BARCELONA/SEOUL (Reuters) - Cell phone makers LG Electronics and Research in Motion warned on sales and profit growth on Wednesday, the latest sign a consumer spending spree on expensive gadgets has dried up amid economic gloom.
The world’s fifth-largest handset maker LG said its sales growth would slow sharply next year, while Blackberry-maker RIM, No. 6, cuts its third-quarter sales and profit forecasts well below Wall Street consensus.
“The latest flurry of warnings shows the economic turmoil is impacting everyone in the mobile value chain — from component suppliers to manufacturers, distributors and retailers right down to the consumer on the high street,” said CCS Insight analyst Geoff Blaber.
“Demand is being impacted across the entire market,” he said.
The world’s two largest cell phone makers, Nokia and Samsung Electronics, have already warned the handset market could contract next year.
Nokia is expected to shed more light on the demand situation and industry outlook at an investor meeting on Thursday in New York.
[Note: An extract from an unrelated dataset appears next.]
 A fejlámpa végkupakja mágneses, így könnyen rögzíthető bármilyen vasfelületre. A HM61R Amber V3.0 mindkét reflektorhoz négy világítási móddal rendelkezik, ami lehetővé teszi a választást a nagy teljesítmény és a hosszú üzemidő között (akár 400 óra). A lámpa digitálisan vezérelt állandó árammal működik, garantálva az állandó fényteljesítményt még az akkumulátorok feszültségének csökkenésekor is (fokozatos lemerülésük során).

Shares in RIM were indicated to fall sharply on Wednesday after its surprise announcement on Tuesday night.
RIM said it expected fiscal third-quarter revenue of $2.75-$2.78 billion — 9 percent below the midpoint of analysts’ forecasts, while adjusted earnings are now expected to be 81-83 cents per share, compared with 89-97 cents per share the company had initially forecast for its third quarter.
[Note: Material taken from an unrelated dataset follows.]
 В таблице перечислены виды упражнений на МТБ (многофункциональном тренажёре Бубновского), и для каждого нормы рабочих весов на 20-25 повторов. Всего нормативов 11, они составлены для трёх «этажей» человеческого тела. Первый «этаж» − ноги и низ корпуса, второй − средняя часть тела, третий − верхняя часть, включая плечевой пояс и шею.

The expected number of net new BlackBerry subscriber accounts added in the quarter would be about 2.6 million, RIM said, roughly 10 percent below its previous forecast for 2.9 million.
RIM’s warning shows that even the most lucrative segment of the phone industry, smartphones, faces difficulties next year.
“Whilst smartphones will be a growing segment in a shrinking market next year, this is further evidence that growth looks set to slow considerably compared with 2008,” Blaber said.
LG Electronics said on Wednesday it expects to achieve slender growth in handset sales in 2009 but aims to raise its global market share amid the ongoing economic downturn.
“The pace of growth is set to slow noticeably,” said Skott Ahn, president and chief executive of LG’s mobile communications unit, adding LG’s average handset growth rate of around 30 percent in previous years would slow to only a “slight” growth in 2009.
Also on Wednesday, German chipmaker Infineon said it sees a significant fall in revenue and an operating loss in its 2009 fiscal year, but mainly due to declining demand from automakers.
Last week STMicroelectronics, Europe’s biggest semiconductor maker, cut its fourth-quarter earnings and sales outlook, blaming the recent slowdown in the wireless, automotive and computer peripheral sectors.